Morgan Simon, assistant parlementaire LREM - connu pour avoir posé avec une casquette aux côtés du couple Macron le soir de l'élection présidentielle - est visé par une plainte pour agression sexuelle, a-t-on appris auprès du parquet de Nantes.

Des "gestes plus que déplacés". Morgan Simon, assistant de la députée LREM de Loire-Atlantique Valérie Oppelt, a démenti "catégoriquement" ces accusations, qu'il a qualifiées "d'allégations mensongères", selon un communiqué de son avocat, Joachim Esnault. La plainte, déposée par une autre assistante parlementaire d'un autre député REM, porte sur des faits remontant au 1er décembre 2016, lors d'une soirée entre militants du parti d'Emmanuel Macron, durant laquelle Morgan Simon aurait eu des "gestes plus que déplacés", selon le site Médiacités Nantes, qui a révélé l'affaire.
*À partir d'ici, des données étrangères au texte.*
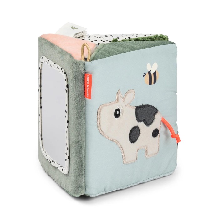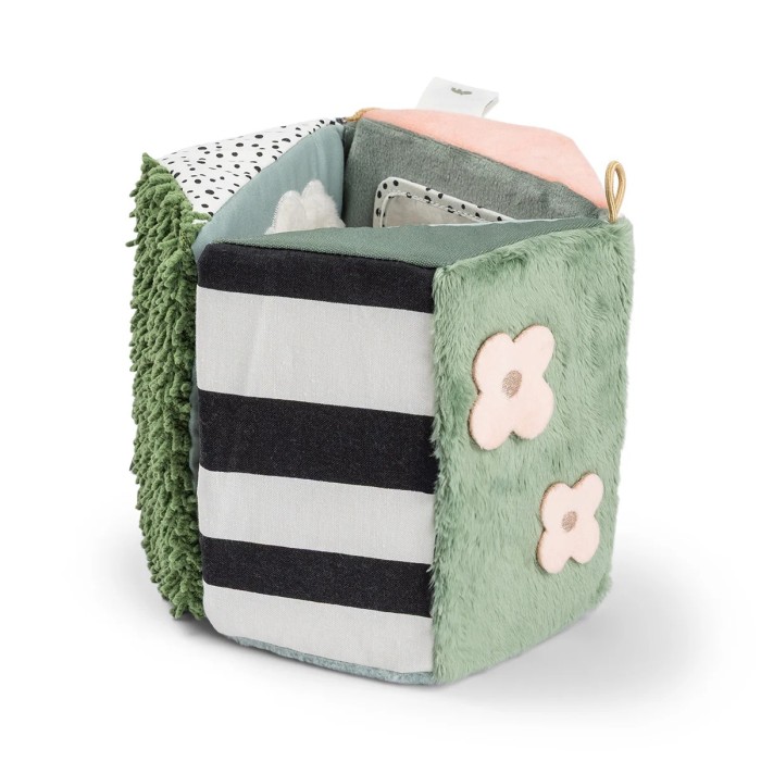 En mjuk och färgglad aktivitetskub designad för små barn som lär sig att titta, greppa och utforska. Kuben kan enkelt fällas, ställas eller hängas där ditt barn leker, vilket gör den perfekt för magträning och tidig lek.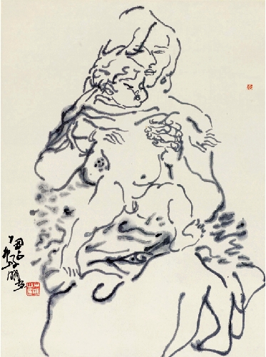 吴山明 母与子 68×50cm 1987年

"De mesquines vindictes personnelles". Le parquet de Nantes a confirmé qu'une plainte avait bien été déposée à propos de ces faits et qu'elle était en cours d'examen. Quant à Morgan Simon, il a affirmé "regretter de voir le légitime, et nécessaire, combat des femmes agressées, instrumentalisé ainsi, à des fins de mesquines vindictes personnelles" et a ajouté que ses proches "savent à quel point, au regard de son orientation sexuelle bien connue, toute cette prétendue affaire n'est que pure invention", a expliqué son avocat.

Militant de la première heure. Le jeune homme avait fait état de son homosexualité dans un portrait paru dans Libération le 11 mai dernier. La députée Valérie Oppelt a indiqué avoir mis fin à la période d'essai de Morgan Simon, dans un courrier qu'elle lui a adressé jeudi, après avoir appris les accusations dont il faisait l'objet. "Jamais je n'aurais embauché quelqu'un avec un soupçon d'agression sexuelle. En tant que féministe et que femme, c'est un sujet qui me touche particulièrement", a-t-elle déclaré. Gérant de pizzerias, Morgan Simon est un militant de la première heure d'En Marche. "Il a fait un boulot exceptionnel durant la campagne. Je voulais lui donner une chance de changer de carrière", a souligné Valérie Oppelt.